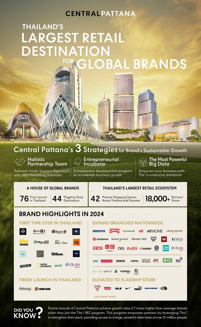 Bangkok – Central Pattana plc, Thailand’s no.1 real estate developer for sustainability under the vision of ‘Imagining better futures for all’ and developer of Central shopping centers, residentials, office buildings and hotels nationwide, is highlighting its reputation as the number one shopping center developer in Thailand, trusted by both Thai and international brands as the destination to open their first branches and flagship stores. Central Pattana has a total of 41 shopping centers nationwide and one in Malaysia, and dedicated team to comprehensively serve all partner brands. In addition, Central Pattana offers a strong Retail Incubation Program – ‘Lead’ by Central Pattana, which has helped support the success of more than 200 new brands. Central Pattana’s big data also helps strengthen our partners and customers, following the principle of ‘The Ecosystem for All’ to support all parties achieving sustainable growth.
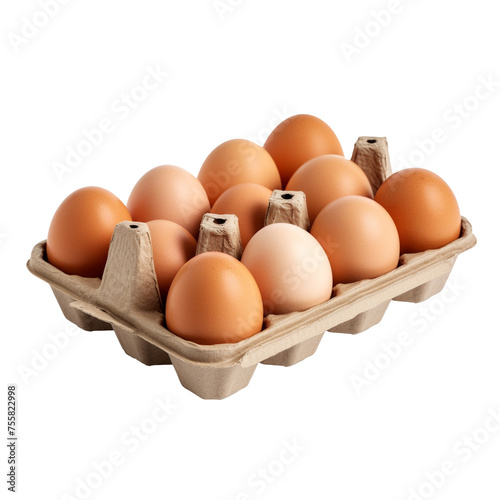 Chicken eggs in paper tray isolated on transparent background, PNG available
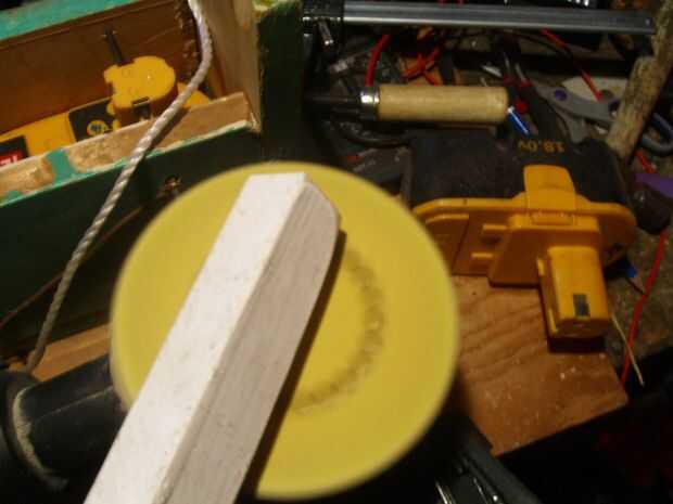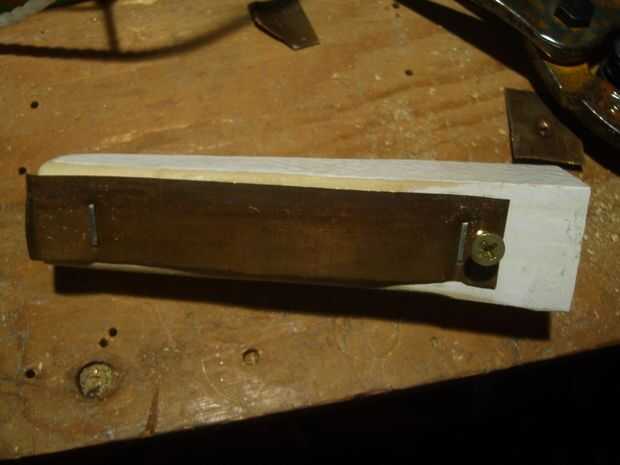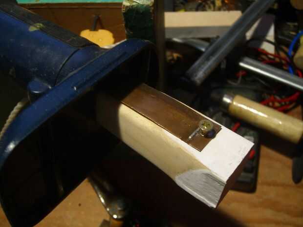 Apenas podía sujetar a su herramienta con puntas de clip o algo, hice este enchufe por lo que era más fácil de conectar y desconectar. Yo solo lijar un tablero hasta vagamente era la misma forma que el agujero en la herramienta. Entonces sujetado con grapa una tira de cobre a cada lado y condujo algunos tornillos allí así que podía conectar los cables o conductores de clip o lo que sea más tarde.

#####

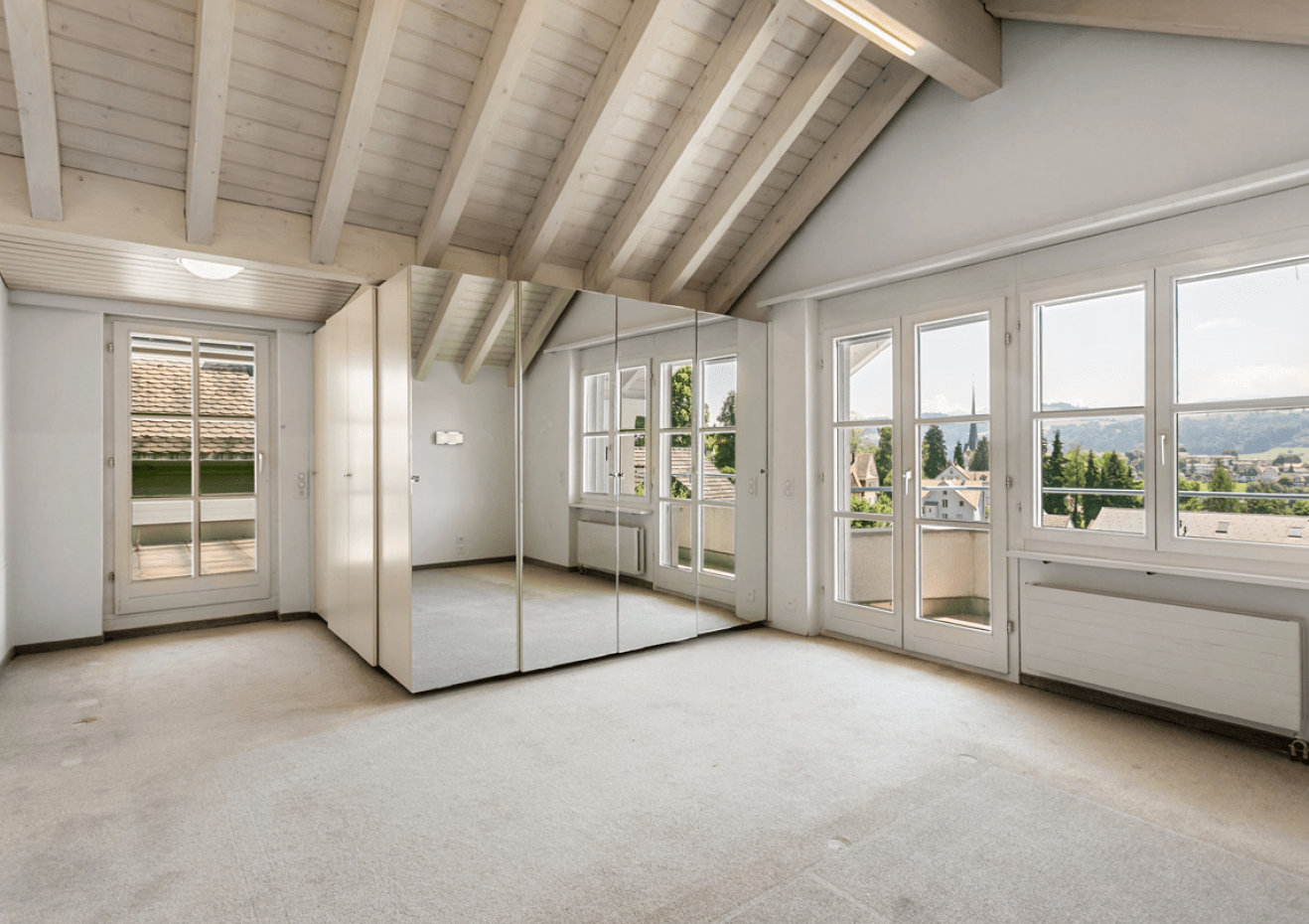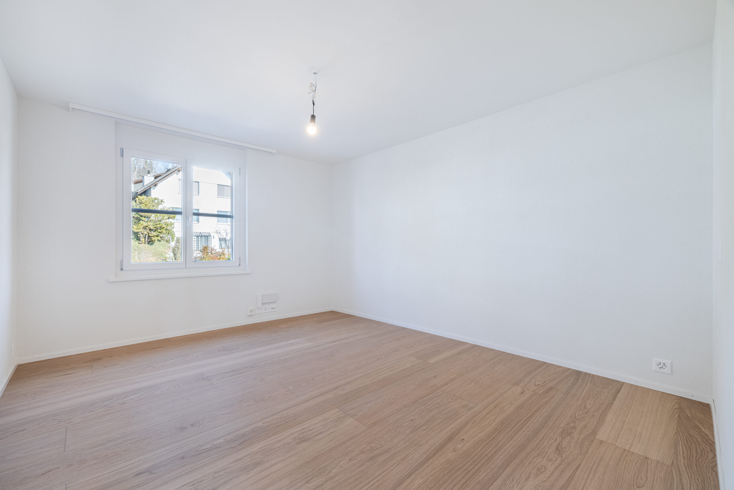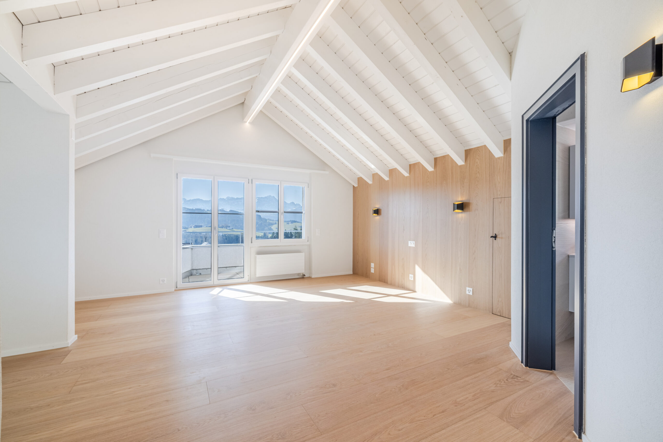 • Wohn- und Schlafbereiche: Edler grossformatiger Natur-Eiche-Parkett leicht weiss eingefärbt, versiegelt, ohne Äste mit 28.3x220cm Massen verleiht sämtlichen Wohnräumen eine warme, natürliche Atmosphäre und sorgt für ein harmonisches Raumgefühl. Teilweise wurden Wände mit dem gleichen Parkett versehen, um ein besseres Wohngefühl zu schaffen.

#####

The lines to copy exactly start with the line above that has "Chicken eggs in" and go on through the line that has "Apenas podía sujetar"; please include both, add nothing else, and omit the pictures.

EXERCISE OUTPUT -
 Chicken eggs in paper tray isolated on transparent background, PNG available
 Apenas podía sujetar a su herramienta con puntas de clip o algo, hice este enchufe por lo que era más fácil de conectar y desconectar. Yo solo lijar un tablero hasta vagamente era la misma forma que el agujero en la herramienta. Entonces sujetado con grapa una tira de cobre a cada lado y condujo algunos tornillos allí así que podía conectar los cables o conductores de clip o lo que sea más tarde.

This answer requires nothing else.